For reference, this is a clip from his rookie year against the Panthers (bottom of screen) where he runs an identical route, but from the opposite side. Compared to the previous route, he doesn’t sell the hitch nearly as much. He is somewhat impatient to get out of his break and a bit upright when he stutter steps. This time the cornerback isn’t fooled and stays in his hip pocket. It’s minor details like this that you can tell he’s been mastering over the course of his career.

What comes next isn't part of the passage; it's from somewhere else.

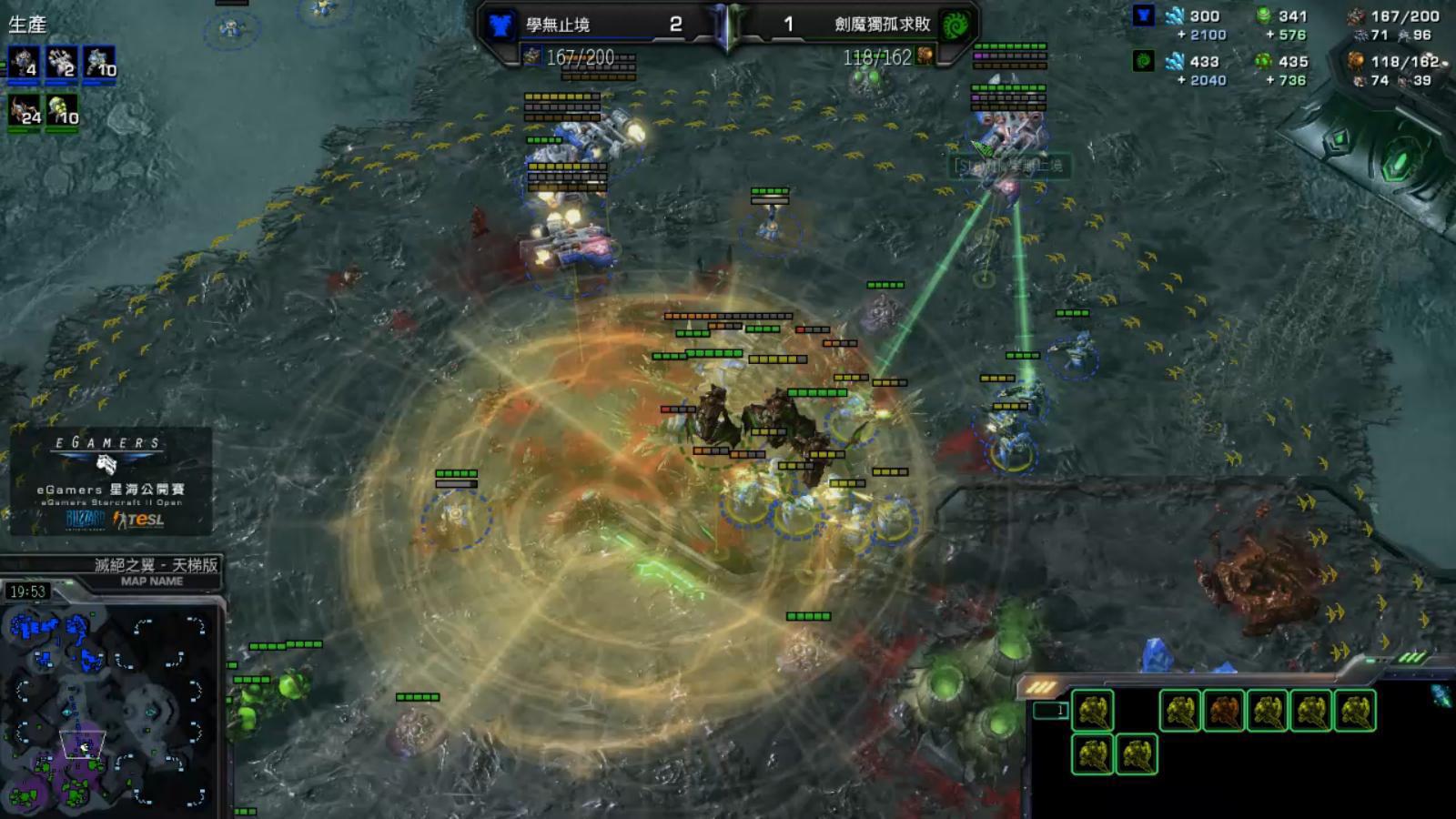 揮。15分鐘就達到170人口的部隊,以正面將蟲族的部隊給擊潰,將比賽導入第三局。

This next route Trae Waynes lines up in press coverage across from him. Hill stems inside off of his release and Waynes actually does a nice job of staying with him. Three steps off of the line Hill flashes his eyes towards the quarterback and forces Waynes to react and take an angle to the ball. However, his eyes are telling lies here and he explodes off that plant foot and stacks Waynes to beat him to the cornerback (clears hands again) and score on this beautiful route and catch.
Here is the full play:
Anyone can get it, too. Here he runs the same route and beats Chris Harris Jr., one of the best cornerbacks in the league.
He also recognizes zone coverages and understands where to sit on his routes. He gets in and out of breaks so quickly without any extra steps and gives his quarterback a good target to show he’s open. This is a very underrated skill to have.
These are a few more of the routes that stood out on tape:
Tyreek Hill can really do anything he’s asked of at the receiver position. He’s not a one trick-pony by any means. Rather, Hill is a well-rounded wideout with refined route-running skills which he pairs well with his natural abilities. He was still a raw athlete when he came into the NFL, but he has worked at his craft and it is evident on the field. He should be mentioned alongside Julio Jones, Michael Thomas, and Deandre Hopkins as some of the best at their position.